Белёсов замигал усиленно, полез за платком в задний карман сюртука, и, не найдя там платка, вытер глаза пальцами.
— Савва! Напой меня, чтобы память отшибло! К чему я жизнь свою несчастную стал рассказывать!.. За кого она, бедная, меня считала, а кто я? И до чего я дошёл!.. Груня! Груня! Если бы ты знала!..
Он опустил голову на руки.
— С горя пьёшь, — сочувственно заметил Савва, — я с самого начала подумал, что не без того… С горя у тебя эта слабость-то, Поля!..
Белёсов поднял голову, тупо посмотрел заплаканными глазами на водку, налил рюмку и выпил, ещё налил и ещё выпил.
— Наследник-то у тебя, Поля, жив? — спросил Савва, глядя на него с участием.
— Володька-то? — переспросил заметно начинавший пьянеть Белёсов. — Жив, должно быть, если под лошадь не попал или из окна не вывалился… Он у меня молодчина, Володька мой! Третий год ребёнку, а никогда не плачет. Понимаешь? Никогда!.. Разве уж какой-нибудь особенный случай как вчера… Но зато как заревел вчера мой Володька — у-у-ух!.. Дрожь проняла, брат Савва!.. Нас с ним третьего дня из угла выгнали. Денег на ночлег не было, — вот я и таскал его на себе всю ночь в Екатерингофе. Он спит, положа голову мне на плечо, а я, с ним на руках, то посижу, то погуляю. Утром проснулся он — всё есть просит, потому накануне мы с ним весь день провели на пище св. Антония. «Подожди, — говорю, — прежде квартиру надо найти: где мы за стол сядем?» Он согласился было, подождал, подождал, да вдруг и заревел благим матом… Тут уж я не выдержал! «Ну, — думаю, — конец мой пришёл! Пропаду я совсем, а ребёнка накормлю, коли на то пошло, чёрт их возьми, подлецов!» Думаю это, а сам его уговариваю: «Сейчас, Володька, квартиру найдём». Идём мы с ним по аллее, а в сторонке, на траве, пьяный мастеровой лежит, и часы у него из кармана выглядывают… Знаешь ли, Савва?..
Белёсов наклонился к нему и проговорил шёпотом:
— Стянул часы!
Но заметив слишком сильное впечатление от этого признания, он вдруг переменил тон.
— Чего таращишь глаза? — заговорил он с вызывающим видом. — Не нравится? Вор, дескать?.. А плевать я на тебя хочу!.. Чёрт вас возьми всех, подлецов!..
— Поля, да разве я что говорю? — забормотал Савва, изменившись в лице. — Я не осуждаю… Ну, согрешил… Что же? Не наше дело судить…
— Слушай, Савва! Ведь что я собственно украл? Часы. Куда мастеровому с часами? Надеть их на себя, неизвестно зачем? Глупое тщеславие! Справиться, который час? Да, ведь, часы-то какие? Не идут и не пойдут никогда! Ведь часы-то, Савва, понимаешь ли, совершенная дрянь: в лом, больше никуда не годятся.
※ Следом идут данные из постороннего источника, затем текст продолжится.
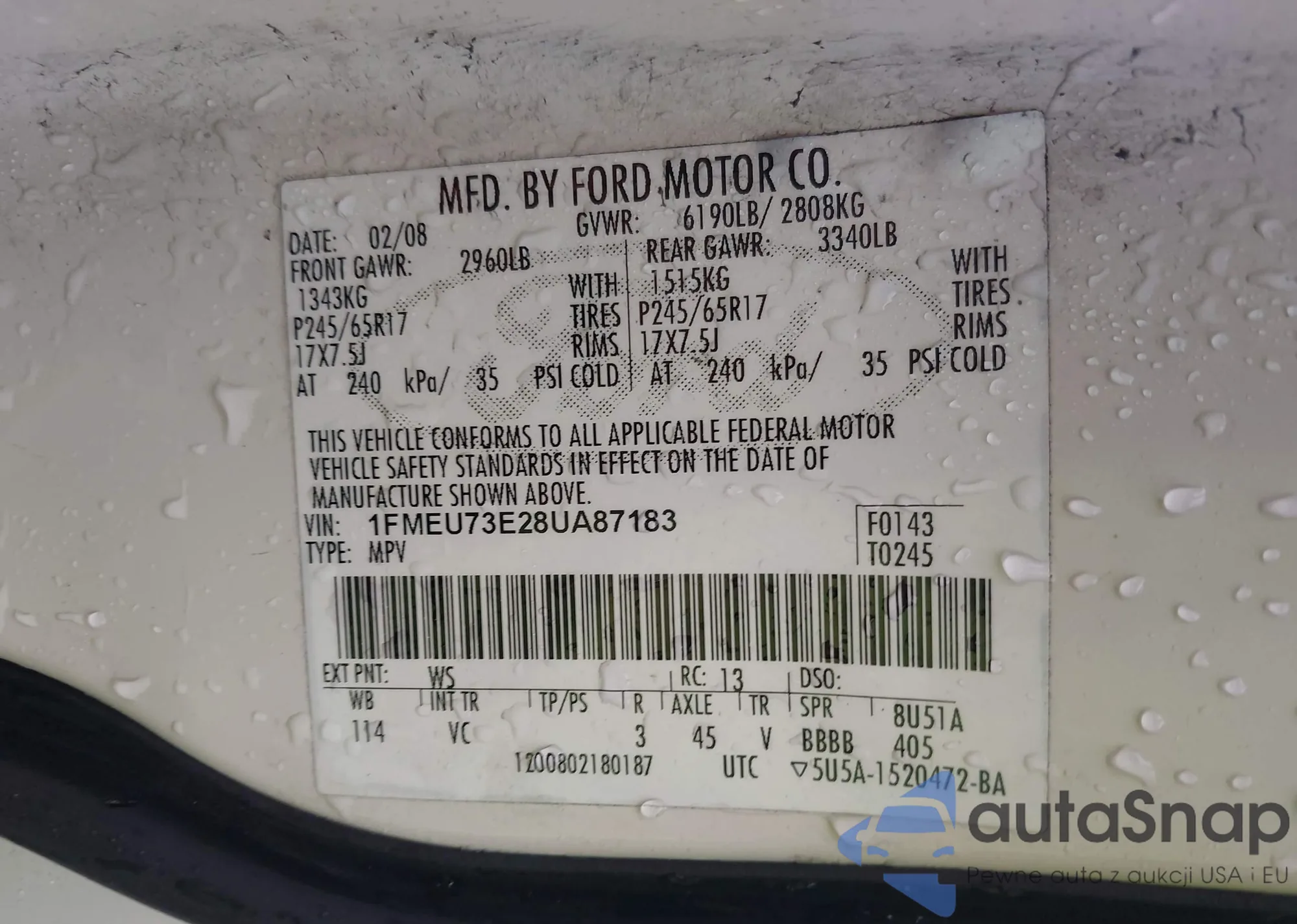 VIN: 1FMEU73E28UA87183

— Ну, нет, Поля, часы хорошие! — горячо вступился Савва.
Белёсов уставился на него в недоумении.
— То есть как это ты уверяешь меня, что хорошие? Разве мы вместе воровали?
— Мои они были, часы-то, Поля. Это я лежал в Екатерингофе-то, но отнюдь не пьяный — с места не сойти, — в сон ударило…
— Ага!..
Белёсов с растерянным видом посмотрел вокруг.
— Вот как! — проговорил он, избегая взглядов Саввы. — Странно!.. Сидишь, разговариваешь, ничего не подозревая… Рассказываешь всё откровенно как порядочному человеку, а между тем оказывается, что у тебя всё выведали!.. Тайная полиция своего рода, чёрт вас возьми, подлецов!..
— Напрасно это, Поля…
— Ну, виноват, виноват!.. Расплачусь, как деньги будут… Вот ужо помирюсь с отцом, либо место найду… За серебряные часы — куплю золотые, за водку — шампанским напою.
Он бессильно опустил захмелевшую голову и замолчал.
— Или уж этого так никогда и не будет? — вдруг встрепенулся он. — Или я уже погиб? Навсегда? Безвозвратно?.. Савва! Погиб?..
Он в ужасе схватил Савву за руку и сжал её в своих руках, глядя на него большими, испуганными и умоляющими глазами.
Несвободная рука связывала движения Саввы, и он сидел в неловкой позе, с растерянным видом.
— Зачем погибать, Бог с нами! — проговорил он, не зная, что сказать.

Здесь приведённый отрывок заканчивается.